As far as I was concerned, the matter was a done deal. He had exerted his power and I had snatched it away from him by inferring that he was an asshole without having to call him one. What was he going to do? Write me a disciplinary ticket that stated, “Inmate Bernardi said I was nice”?

 

*Today the word “nice” is used as an innocuous compliment, but the word derived from an insult. To call someone nice was to say that person was ignorant, foolish, or effeminate. I had made it up because if I said what I really wanted he could have written me a disciplinary ticket for insulting language, which might have sent me to solitary confinement or to lose my mail, visits, phone or commissary privileges.”

 

Later -When the cell doors opened routinely at one o’clock for rec break, I swapped out the loads and began folding the dried set when I noticed that same guard trudging up the tier steps.

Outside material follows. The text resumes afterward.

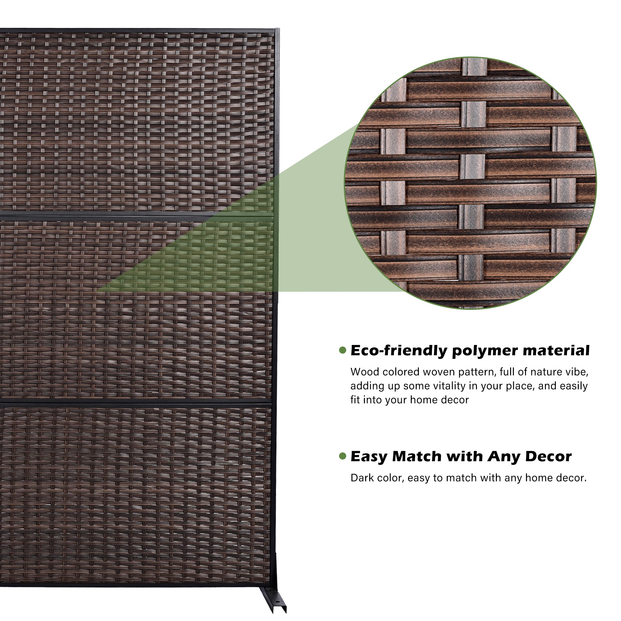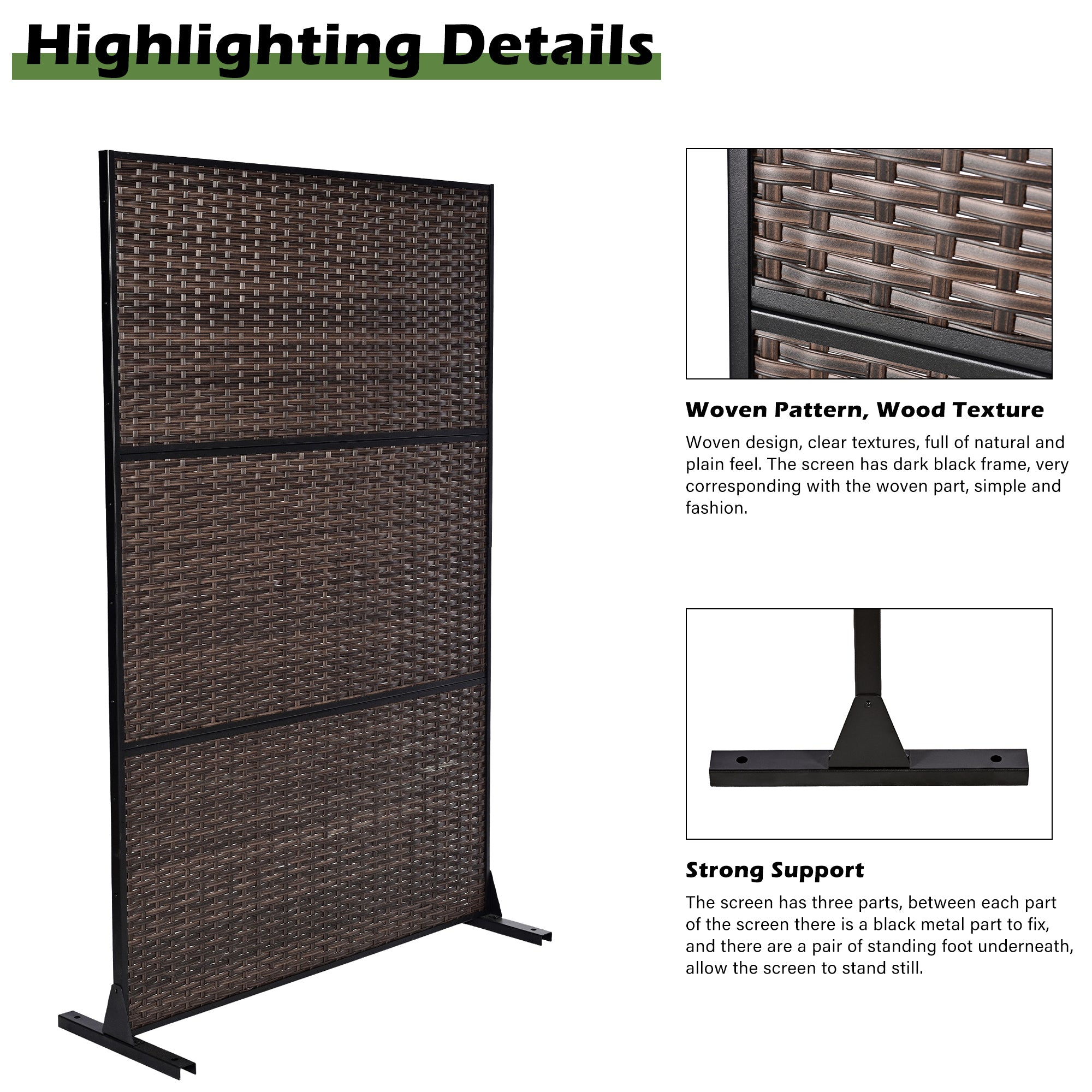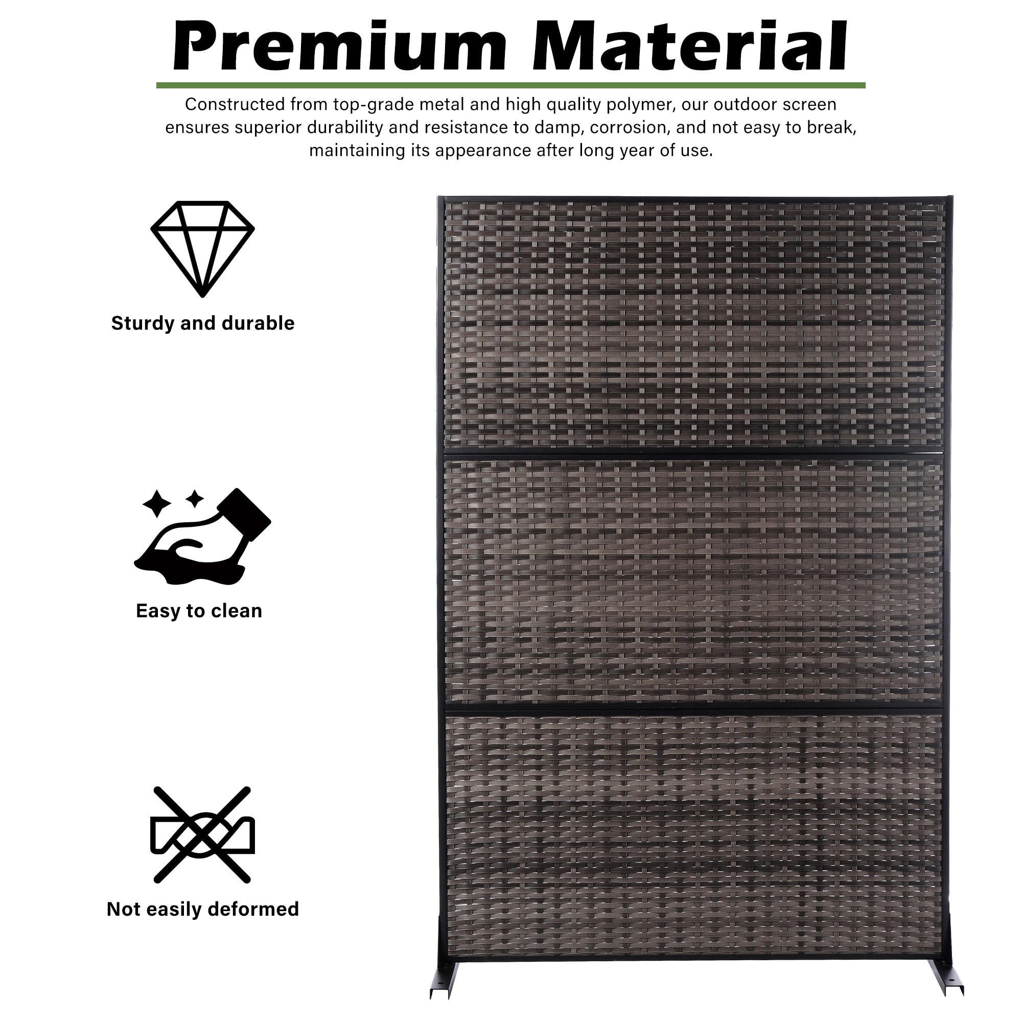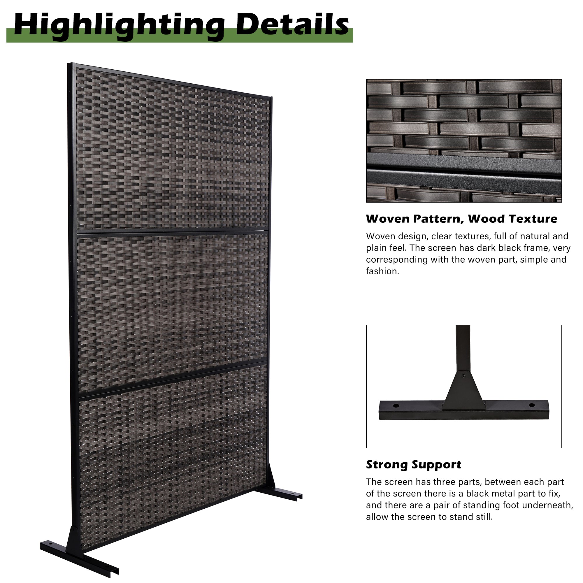 Give your balcony, patio, or yard a natural-feeling buffer with our Ariom 6 ft H x 4 ft W Woven Polymer Outdoor Privacy Screen. Three woven-look panels, crafted with a wicker-style technique, create a textured backdrop that nods to coastal fencing. The dark metal frame and feet keep each panel aligned and standing steady on hard surfaces. You can remove one or two panels to fit tighter corners or shorter runs. Durable polymer surfaces wipe clean, helping your privacy setup stay fresh through everyday outdoor use.

He was wearing blue latex gloves and carrying a large clear plastic bag–the obvious sign that a shakedown was at hand. Dread overtook me as he headed directly to my cell, entered it, and propped open the heavy steel door so that, outside the cell, I could bear witness to the vengeance he was about to unleash.

He ripped my calendar from the bulletin board and deposited it in his trick-or-treat bag. Okay, fair enough. The calendar had been affixed with tape, which is considered contraband. He stepped over to the shelf above the toilet and confiscated my Styrofoam coffee cups. Then he went through my art supply box, confiscating every pen I owned, including the ones I had rightfully purchased on commissary. He peeled my plastic mirror off the wall (another tape infraction) and dropped it in his goodie bag, then moved on to my paperwork: personal writing, school assignments, institutional communication. Wrinkling and crumpling it, he scattered it every which way, under the guise of a security search. All of my clothing was dumped in a pile in the middle of the floor. My sheets and blankets went flying onto the pile of property at the center of the cell.

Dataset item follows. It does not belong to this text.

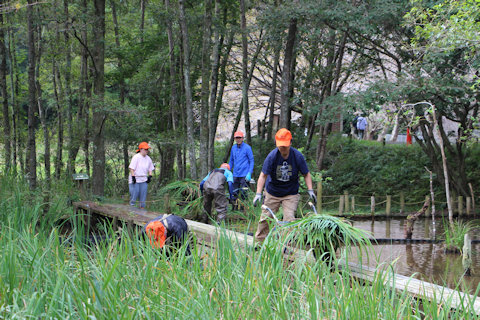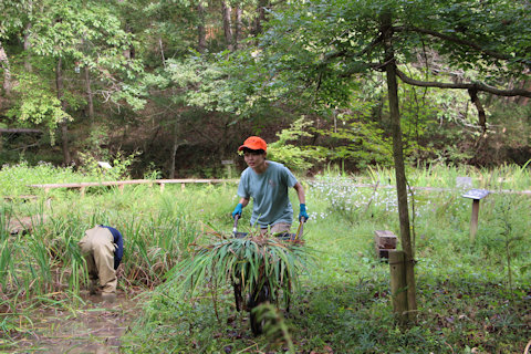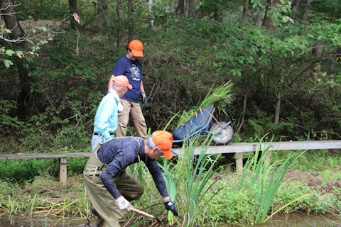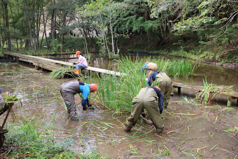ひょうたん池畔のカキツバタ刈り取り
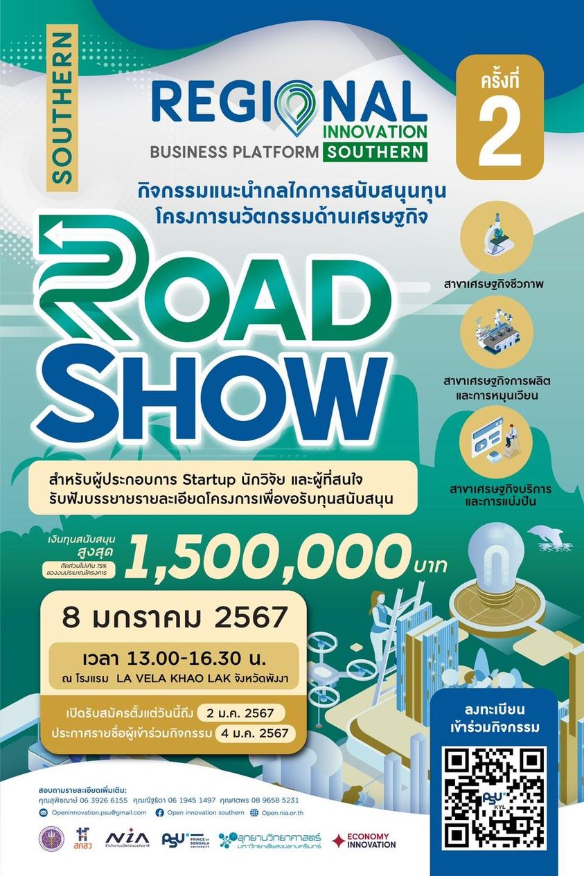สำนักงานนวัตกรรมแห่งชาติ (NIA) ร่วมกับอุทยานวิทยาศาสตร์ มหาวิทยาลัยสงขลานครินทร์ เชิญเข้าร่วมกิจกรรม Regional Innovation Roadshow ภาคใต้ ครั้งที่ 2 เปิดโอกาสสำหรับผู้ประกอบการ SME START UP อาจารย์และนักวิจัยที่สนใจ เข้ารับฟังการขอรับทุนสนับสนุน Regional Innovation Business Platform และแนะนำกลไกการสนับสนุนทุนโครงการนวัตกรรมด้านเศรษฐกิจสำหรับผู้ที่สนใจสมัครรับเงินทุนสนับสนุนสูงสุด 1.5 ล้านบาท

In all, he must have spent a good 30 minutes tornadoing through my belongings before he got down to odds and ends and then left the cell. During his rampage, he had not touched one item of my cellmate’s property. Sashaying toward the stairs with his bag of spoils, he suddenly stopped at the table where I was seated with the clean, folded laundry. Leaning in until he was at eye level, he smiled and said, “Don’t worry about the shakedown, Miss Bernardi. I was nice.”

Touché, you bastard. Touché. He had wreaked havoc to teach me not to fuck with him. His tactic had been juvenile but effective. What could I do but admit that he had reclaimed the upper hand.

Or had he?

Later, on the phone in the common room complaining to my mom about what this good-for-nothing goon had done, I caught a glimpse of that plastic bag filled with my stuff, on the floor next to the guards’ station. A few hours later, I watched out the narrow window in my cell door as he exchanged keys with his shift replacement, picked up the bag, and carried it out of the unit.

Hurrying to the cell window to the outside, I watched him make his way toward the trash receptacles, hoist my bag up,  and drop it into one of the bins. As I watched, I treated my cellmate to the play-by-play, telling her which of the three bins contained my belongings.

Later that evening, while I was at school, my bunky volunteered to help the common area worker take out the trash which she often did.

Wearing latex gloves, she pulled the bag out of the garbage bin, tore it open, and retrieved all my stuff that that “nice” guard had gone to the trouble to confiscate. Concealing it on her person, she smuggled it back in the building and into our cell. When I returned from school, there on the bed lay all of my possessions as if they had never been taken.

The following day when the guard made his rounds, I smiled sweetly at him and said, “Sir, I will never try to outsmart you again.”

“That’s all I ask,” he said, smiling back. He seemed satisfied that he had taught me a valuable lesson.